Слова Грека оказались пророческими. Место, где некогда пробивался родник, было завалено недавним обвалом. Мало того, завал оказался настолько велик, что полностью перекрыл тот отворот, в который нам следовало уйти с основного русла.
— Приехали? — разглядывая эту груду, спросил Янис, не обращаясь ни к кому конкретно. — Если не свернуть, а продолжать идти прямо, все мы здесь и останемся.
Прежде чем ответить, Грек поиграл желваками на скуластом лице. Затем посмотрел на солнце, которое стояло в зените, в ту сторону, откуда мы сюда пришли, попытался сплюнуть, но у него не получилось. Жарко.
— А если воспользоваться следующим отворотом?
— Грек! Ты в своем уме?! — попытался образумить его Гриша. — Сам же знаешь!..
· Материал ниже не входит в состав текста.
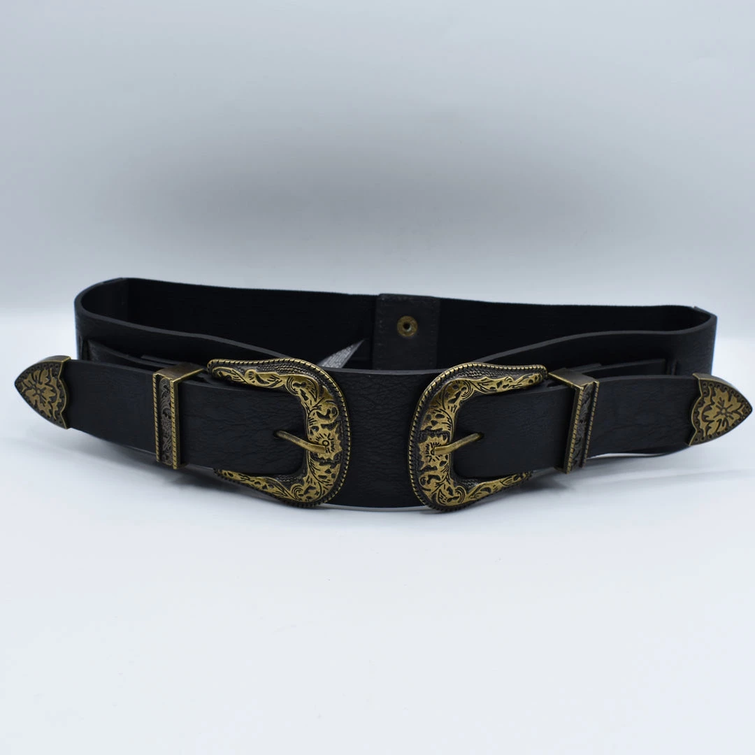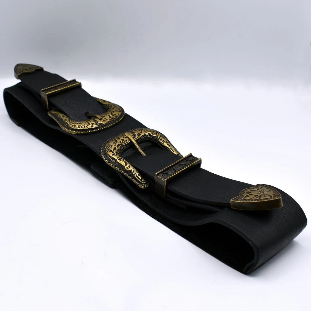 The double buckle belt is one of our favorites at the moment! We’re seeing them everywhere and this one in particular is pretty awesome. Thick width, vegan material, faux leather in the front, stretchy in the back with a two-snap closure, this is sure to fast become a favorite of yours as well! Buckles are western style with an antique gold hue to them.

— Знаю, — не стал отпираться тот. — Но ведь и дело того стоит. Сейчас скажу почему. Мне точно известно, что произошла утечка. Так вот, появились желающие завладеть нашим грузом. И шанс нарваться на преследователей, если мы вернемся к выходу, куда как велик. Так что хрен редьки не слаще — идти туда или сюда.
— Георгич, сам знаешь, утечка не только от нас могла произойти, — начал оправдываться Гудрон.
— Знаю, — кивнул тот. — И у меня даже в мыслях нет обвинить кого-то из вас. Чтобы груз прибыл на Вокзал, в интересах каждого: не чужое несем, свое, кровное. Но тем не менее факт остается фактом.
— Слава, а что там за проход такой? — спросил я. Интересно же, вон даже Гриша умудрился побледнеть.
— Шанс нарваться на то, из-за чего каньон и назвали каньоном Дьявола, слишком велик, — коротко объяснил тот.
— Ну так что, рискнем? — Грек по очереди посмотрел на всех.
На меня мог бы и не смотреть — я как все. Да и не мой голос будет решающим.
— Можно попробовать, — ответил за всех Янис. — Если не свернуть, а идти дальше каньоном — самоубийство точно. Возвращаться — тоже не сахар. Там, на входе, мы как на ладони будем, и укрыться негде. В общем, лично я — за! Да, а если затычки в уши воткнуть? Стоит оно того?
— Вряд ли, — засомневался Слава. — При сильном воздействии акустических волн кости черепа сами начнут резонировать. Скорее противогазы пора достать, если дело не в акустике, а в испарениях.
Все посмотрели на Грека. Тот даже задумываться не стал.
— Противогазы не помогут, проверено. Только лишние проблемы создадут. Так что по старой схеме. — И он со значением на всех посмотрел.
Я понятия не имел, что это значит — по старой схеме. Мне и новая до сих пор была неизвестна.
Однажды мне довелось перейти вброд горную речку. Ледяная вода, порой по грудь, скользкие камни на дне. И бешеный поток, который так и норовил сбить с ног и понести вниз по течению, чтобы со всего маху ударить о торчащие над поверхностью валуны. А затем в другой, третий, четвертый… и вынести на отмель или берег уже бездыханное тело. Было жутко настолько, что едва удалось удержать себя от паники.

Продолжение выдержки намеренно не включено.